• [Task prompt]:
From the entries below, write out exactly the lines between the line holding "What readers should" and the line holding "Добрый день! На", inclusive, excluding any pictures.

• [Records provided]:
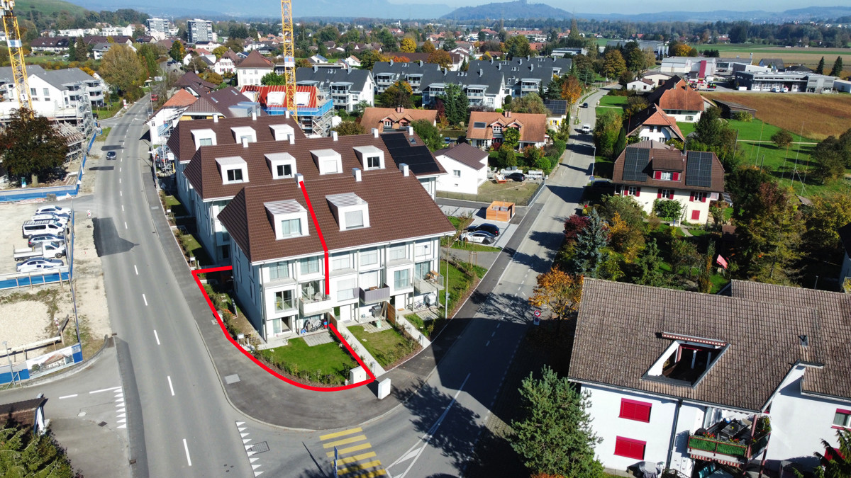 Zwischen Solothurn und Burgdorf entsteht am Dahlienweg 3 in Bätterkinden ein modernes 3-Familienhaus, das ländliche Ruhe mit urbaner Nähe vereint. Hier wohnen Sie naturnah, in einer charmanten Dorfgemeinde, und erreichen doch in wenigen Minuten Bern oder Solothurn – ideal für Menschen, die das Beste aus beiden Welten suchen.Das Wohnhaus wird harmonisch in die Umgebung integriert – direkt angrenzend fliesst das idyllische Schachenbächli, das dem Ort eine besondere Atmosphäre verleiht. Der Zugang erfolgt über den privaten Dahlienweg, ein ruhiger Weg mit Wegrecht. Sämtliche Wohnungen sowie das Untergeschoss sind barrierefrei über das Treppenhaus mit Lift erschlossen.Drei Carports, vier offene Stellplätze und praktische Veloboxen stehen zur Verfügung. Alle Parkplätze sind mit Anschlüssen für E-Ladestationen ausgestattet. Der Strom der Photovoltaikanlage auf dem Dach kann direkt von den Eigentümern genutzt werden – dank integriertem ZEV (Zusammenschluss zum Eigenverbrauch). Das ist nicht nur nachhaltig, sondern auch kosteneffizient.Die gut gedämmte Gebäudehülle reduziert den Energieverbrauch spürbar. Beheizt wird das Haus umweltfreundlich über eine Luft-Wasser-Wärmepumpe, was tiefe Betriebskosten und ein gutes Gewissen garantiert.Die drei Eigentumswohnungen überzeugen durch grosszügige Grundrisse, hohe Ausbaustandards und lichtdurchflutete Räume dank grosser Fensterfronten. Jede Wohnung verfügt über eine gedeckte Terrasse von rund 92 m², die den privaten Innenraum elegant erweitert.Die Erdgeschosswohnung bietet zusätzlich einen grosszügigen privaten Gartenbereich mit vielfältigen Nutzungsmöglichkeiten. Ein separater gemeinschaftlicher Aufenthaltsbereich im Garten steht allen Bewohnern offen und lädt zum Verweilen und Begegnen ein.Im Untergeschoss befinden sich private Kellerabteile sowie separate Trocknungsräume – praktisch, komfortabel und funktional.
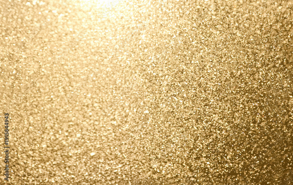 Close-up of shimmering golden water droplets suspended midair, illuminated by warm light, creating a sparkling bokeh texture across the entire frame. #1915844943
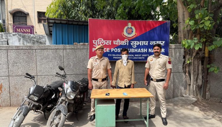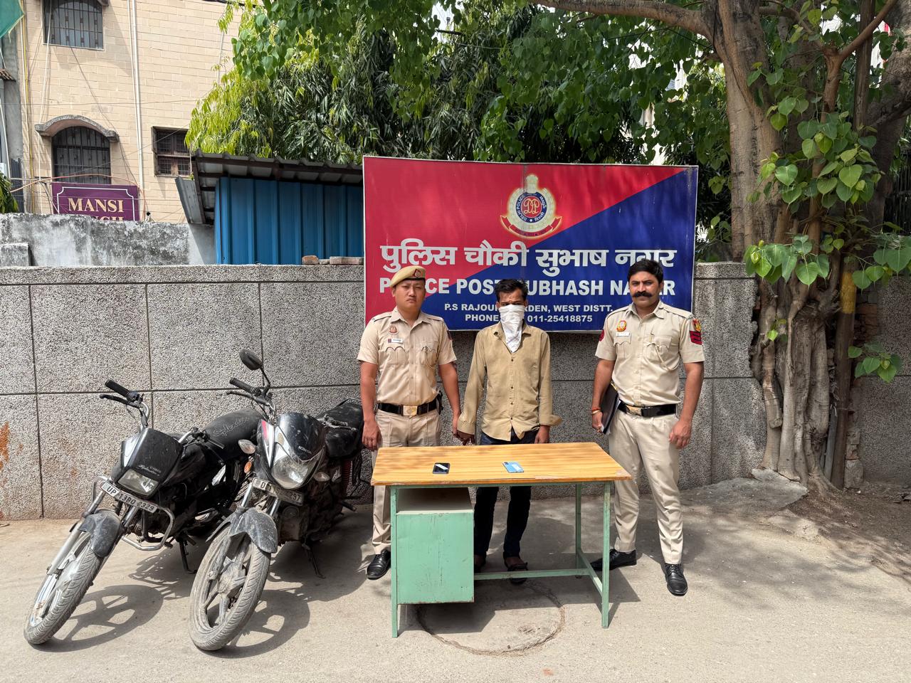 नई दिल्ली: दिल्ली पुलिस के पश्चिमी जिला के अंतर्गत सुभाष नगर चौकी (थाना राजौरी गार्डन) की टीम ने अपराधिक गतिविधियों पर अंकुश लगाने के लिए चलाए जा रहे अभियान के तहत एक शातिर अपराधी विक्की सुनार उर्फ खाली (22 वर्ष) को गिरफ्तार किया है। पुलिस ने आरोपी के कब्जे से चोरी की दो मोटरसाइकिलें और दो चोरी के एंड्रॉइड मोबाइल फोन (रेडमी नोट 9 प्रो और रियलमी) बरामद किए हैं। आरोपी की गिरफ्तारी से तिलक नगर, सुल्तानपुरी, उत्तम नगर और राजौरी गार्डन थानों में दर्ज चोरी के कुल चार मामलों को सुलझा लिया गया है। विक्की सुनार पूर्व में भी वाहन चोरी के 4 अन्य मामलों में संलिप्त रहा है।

...

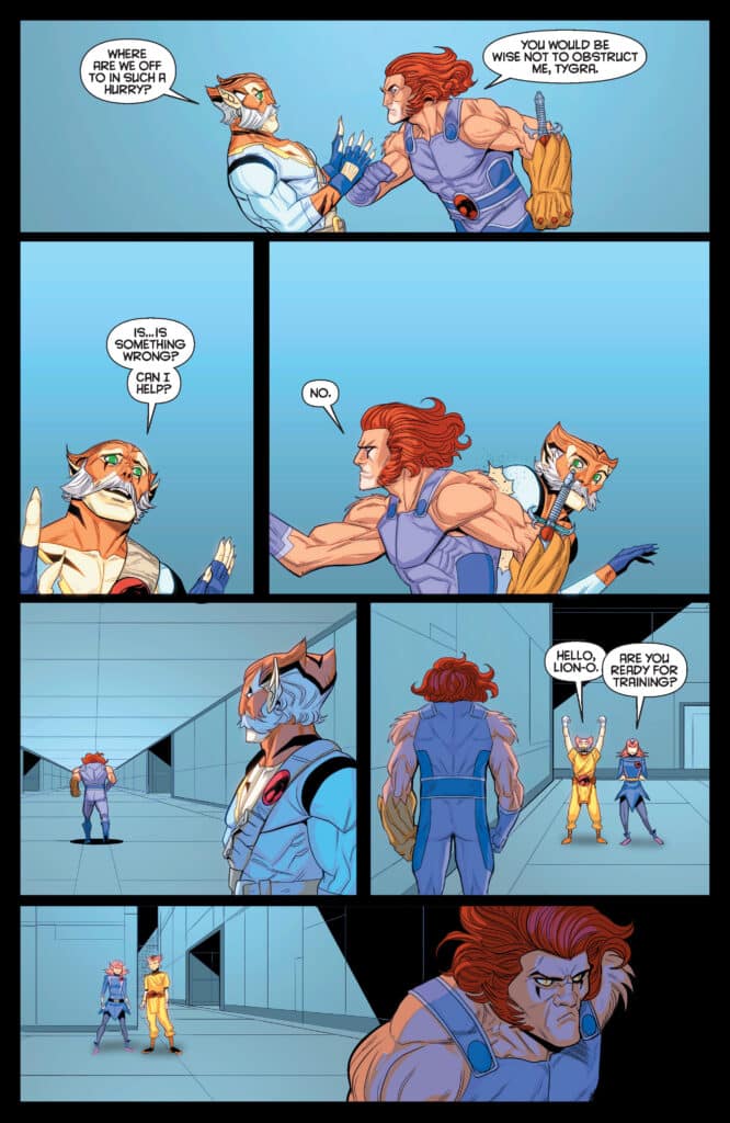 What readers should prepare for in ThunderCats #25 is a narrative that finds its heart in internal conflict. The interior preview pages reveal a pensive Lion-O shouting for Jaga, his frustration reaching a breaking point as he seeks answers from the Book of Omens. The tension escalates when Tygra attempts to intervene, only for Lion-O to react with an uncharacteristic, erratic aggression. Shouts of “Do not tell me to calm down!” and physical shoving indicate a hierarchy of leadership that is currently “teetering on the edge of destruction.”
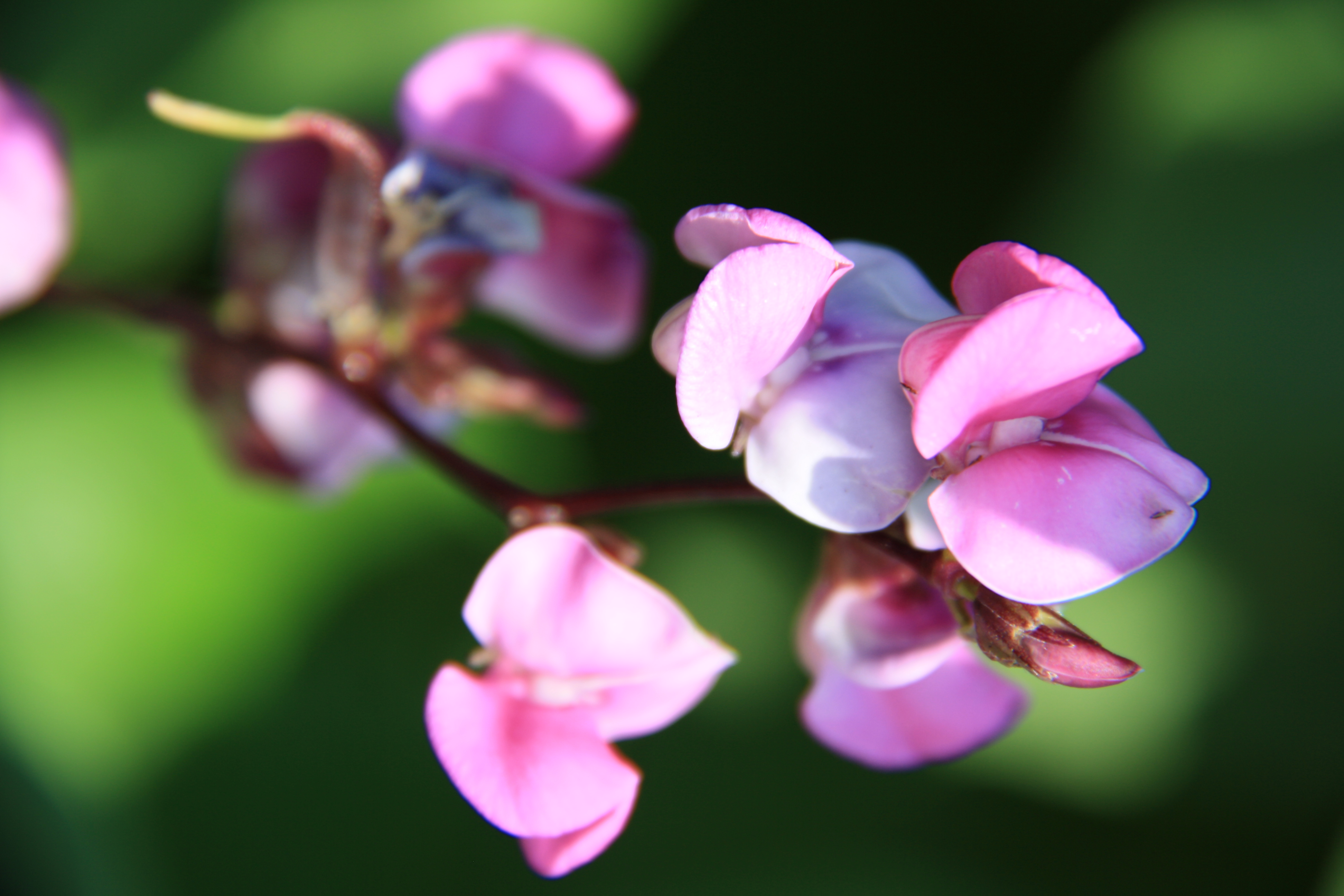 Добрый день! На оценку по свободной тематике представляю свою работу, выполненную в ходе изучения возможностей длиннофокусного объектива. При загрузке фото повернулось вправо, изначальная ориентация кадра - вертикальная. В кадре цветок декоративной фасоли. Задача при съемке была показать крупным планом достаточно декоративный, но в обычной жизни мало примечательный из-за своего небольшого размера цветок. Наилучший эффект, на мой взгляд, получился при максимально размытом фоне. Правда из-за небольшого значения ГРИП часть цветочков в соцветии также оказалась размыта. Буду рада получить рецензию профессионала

• [Completed task]:
 What readers should prepare for in ThunderCats #25 is a narrative that finds its heart in internal conflict. The interior preview pages reveal a pensive Lion-O shouting for Jaga, his frustration reaching a breaking point as he seeks answers from the Book of Omens. The tension escalates when Tygra attempts to intervene, only for Lion-O to react with an uncharacteristic, erratic aggression. Shouts of “Do not tell me to calm down!” and physical shoving indicate a hierarchy of leadership that is currently “teetering on the edge of destruction.”
 Добрый день! На оценку по свободной тематике представляю свою работу, выполненную в ходе изучения возможностей длиннофокусного объектива. При загрузке фото повернулось вправо, изначальная ориентация кадра - вертикальная. В кадре цветок декоративной фасоли. Задача при съемке была показать крупным планом достаточно декоративный, но в обычной жизни мало примечательный из-за своего небольшого размера цветок. Наилучший эффект, на мой взгляд, получился при максимально размытом фоне. Правда из-за небольшого значения ГРИП часть цветочков в соцветии также оказалась размыта. Буду рада получить рецензию профессионала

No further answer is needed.